Cork convoy diary: Team in touching distance of border 'working to get aid to people who need it most'

Caitriona Twomey said the group was now heading for the border crossing of Medyka, which is near the city of Przemyśl, two hours’ drive from their current location. icture: Dave Shine, Donal O'Keeffe, Chris O’Donovan, Tony Gardiner, Bear Hope, Dave Feeney, Caitríona Twomey, Dan, Kieran Keniry, Tomas Kalinski, Felipe Pombinho and Dave Varian en route to the Ukraine border with the Cork convoy.
Cork Humanitarian Aid Ireland’s convoy arrived in Tarnów in Poland, two hours from the Ukrainian border at 4am on Friday morning, 3am Irish time.
The group, which is made up of ten volunteers from Cork charities Cork City Missing Persons Search and Recovery (CCMPSAR) and Cork Penny Dinners, is bringing five vans, each containing approximately three tonnes of humanitarian aid donated by the people of Cork, to Ukrainian refugees who have fled the Russian invasion of their country.

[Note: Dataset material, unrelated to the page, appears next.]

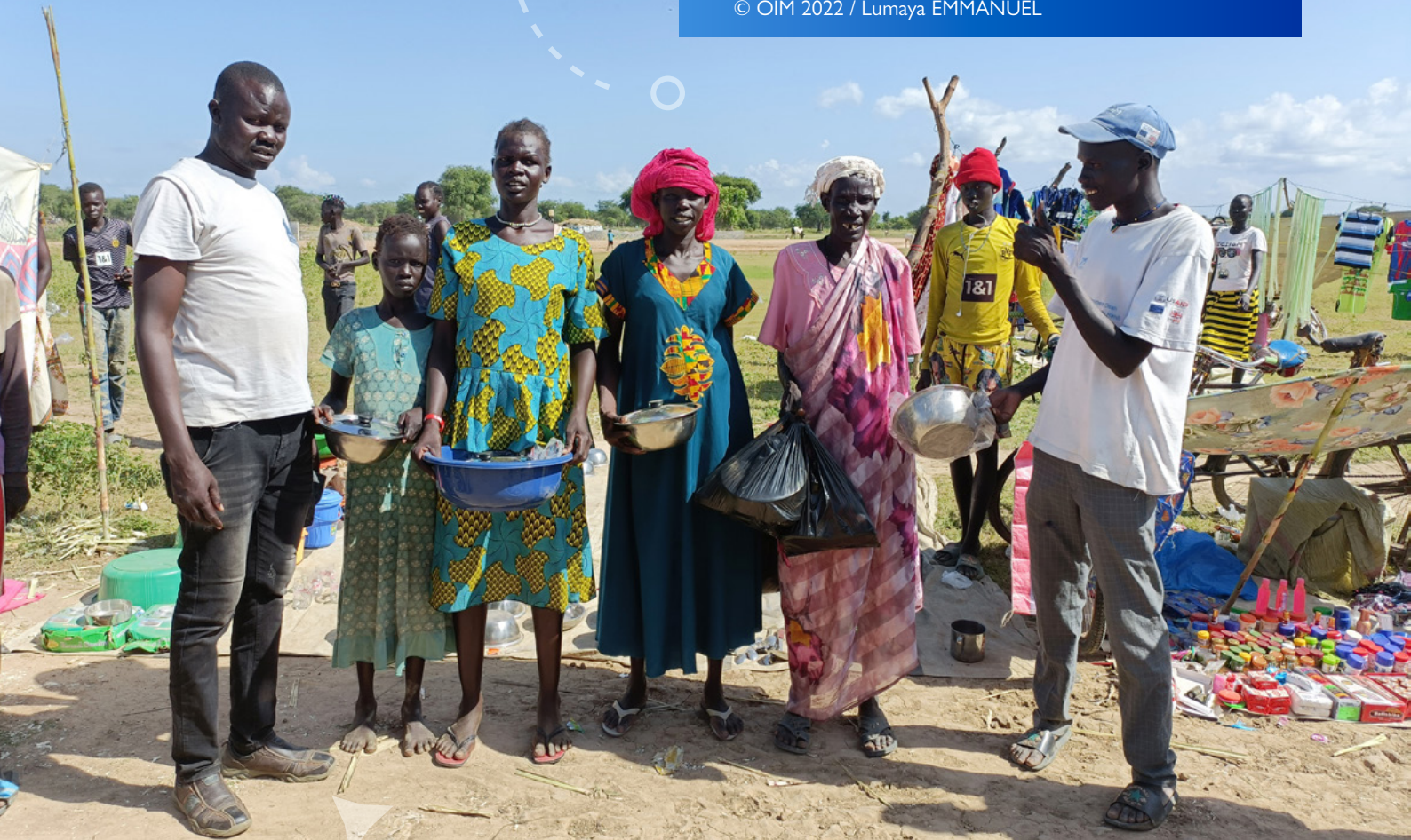
Des bénéficiaires de l'assistance achètent des produits non alimentaires et d'autres produits sur un marché libre après avoir reçu de l'assistance en espèces à Twic au Soudan du Sud.

The convoy left Cork on Tuesday afternoon, arriving at Cherbourg in France on Wednesday afternoon, driving across France and staying in Belgium overnight, before driving across Germany and most of Poland on Thursday.
Caitriona Twomey said the group was now heading for the border crossing of Medyka, which is near the city of Przemyśl, two hours’ drive from their current location.

“The people of Cork have shown incredible generosity in supporting our appeal, and now our mission is to get that aid to people who are fleeing the worst violence imaginable,” Ms Twomey said.
“We’ve asked the Redemptorists to come and meet us at Medyka, so we can avoid a further 400 kilometre drive, after what has already been a gruelling cross-Europe journey.”
Jonah Lowenstein, a 21-year-old student from London who travelled to the Ukrainian border with his 57-year-old father, Paul, told The Echo they had come to Medykja from the UK with a van of humanitarian aid “to show it could be done”.
Mr Lowenstein, who has fond memories of childhood holidays in Crookhaven, said that for his father and him, it was a matter of family honour to help people fleeing tyranny.
“We felt we could not sit idly by as people were driven from their homes by the invading forces of a dictator, so we organised what supplies we could, and came out to Poland to help them in their hour of need.”
Mr Lowenstein said he and his father were now on their way home to the UK, having delivered their van-load to Medyka, where, he said, they had met “huge numbers” of refugees at the Ukrainian border, mainly women and children, who were traumatised by what they had experienced.
With night-time temperatures along the border dipping to minus ten, cold is a concern for aid workers attending to refugees.
“It’s so slow, and cold, and people are existing in soul-crushing boredom at the border crossings,” Mr Lowensein said.